◆ REQUIREMENT
Quote the data exactly, first line to the line containing "This antique ironstone", with no pictures.

◆ MATERIAL PROVIDED
- - - -
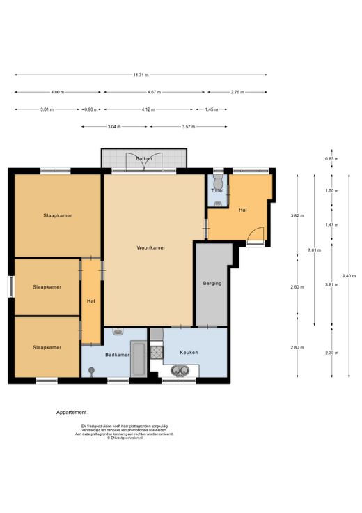 Ruim en lichtrijk appartement met 3 slaapkamers
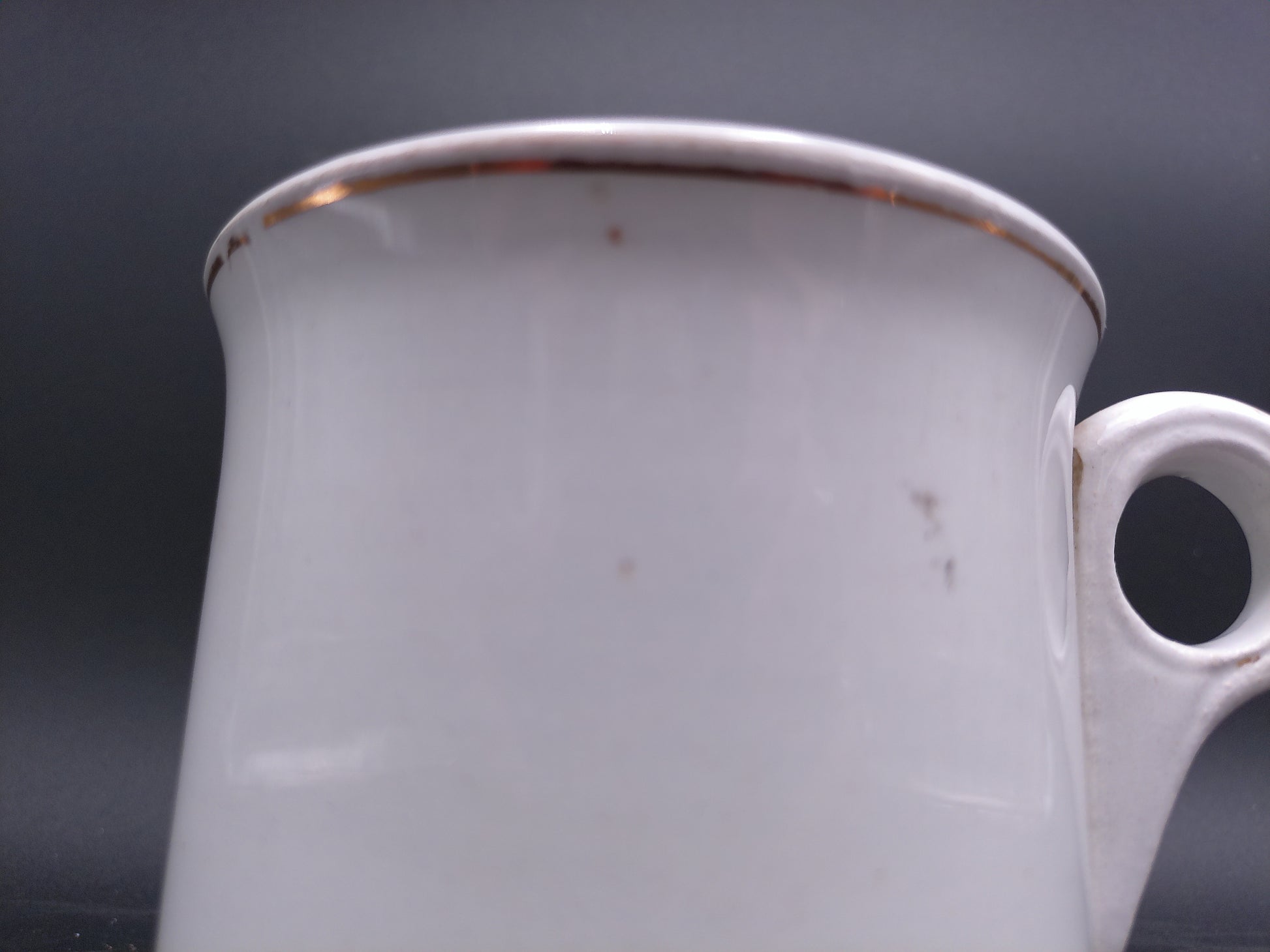 This antique ironstone shaving cream mug, manufactured by D.E. McNicol in Clarksburg, West Virginia, is a must-have for any shaving enthusiast. Crafted with quality and longevity in mind, this mug is a timeless addition to any grooming routine. (31 words)
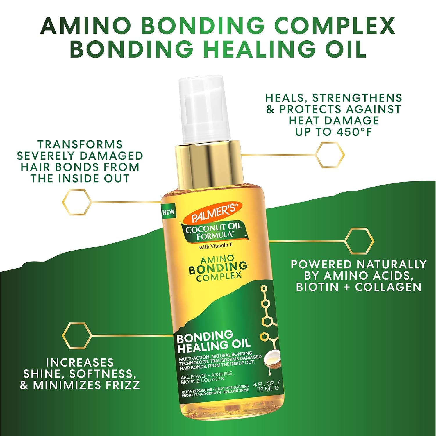 Amino Bonding Complex Hair Oil, Healing Treatment with Coconut Oil & Vitamin E, Heat Protectant, anti Frizz, Adds Shine, Strengthens & Protects Hair Growth, All Hair Types, 4 Fl Oz
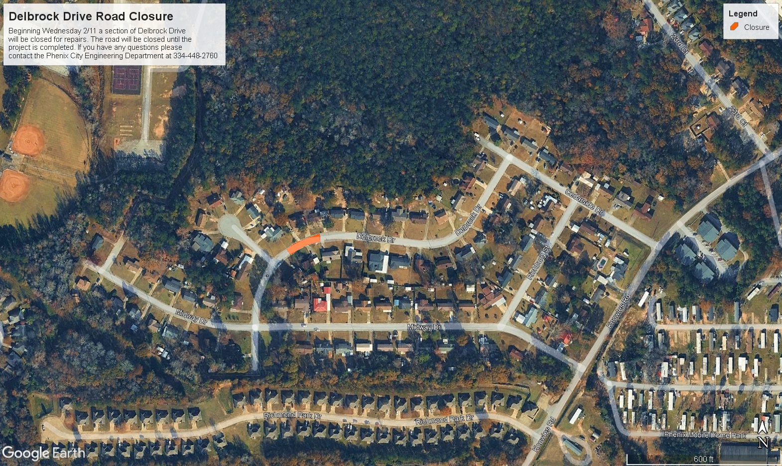 The Phenix City Utilities Department is performing emergency utility repairs on a section of South Railroad Street between 17th Avenue and 14th Court. The road will be closed effective immediately and is expected to last until the project is finished. A detour will be in effect routing traffic around the work. Dates and times are subject to change due to weather. During this time, delays should be expected, and travel times adjusted accordingly. Thank you for your cooperation. You may contact the Phenix City Utilities Department at 334-448-2880 with any questions.
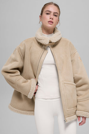 A cold-weather essential with a luxe edge. The Faux Shearling Grand Jacket is plush on the inside with a sleek exterior finish, designed to deliver warmth without the bulk. The oversized collar, zip-front closure, and buckle detail give it modern polish that transforms any look into a statement.
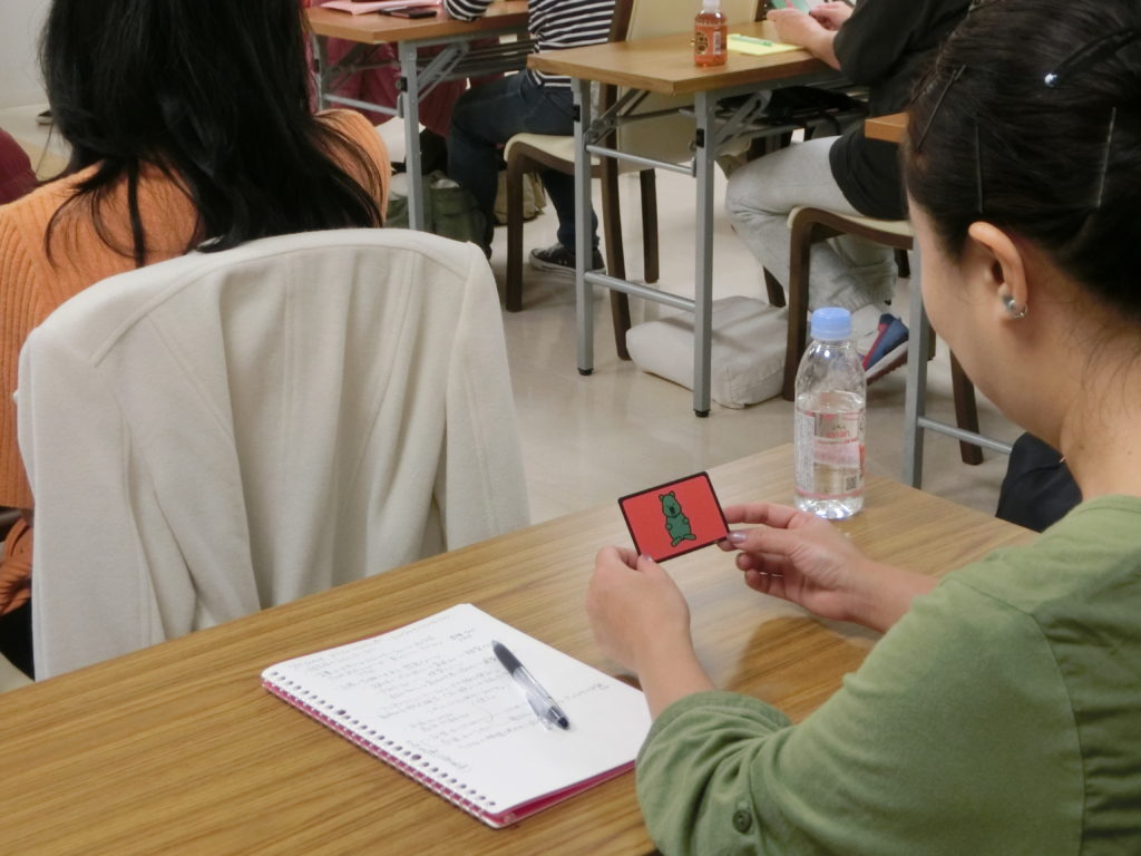 そして、アニマルコミュニケーションの最適な脳波の状態をトレーニングするために、日々できるワークも共有。 写真の中の赤と緑のカードはSAVICオリジナルのクウォッカード、参加者様の受講特典です。こちらのカードは、日々の練習用に皆さまにお持ち帰り頂きました。
- - - -
◆ RESULT OF THE TASK
 Ruim en lichtrijk appartement met 3 slaapkamers
 This antique ironstone shaving cream mug, manufactured by D.E. McNicol in Clarksburg, West Virginia, is a must-have for any shaving enthusiast. Crafted with quality and longevity in mind, this mug is a timeless addition to any grooming routine. (31 words)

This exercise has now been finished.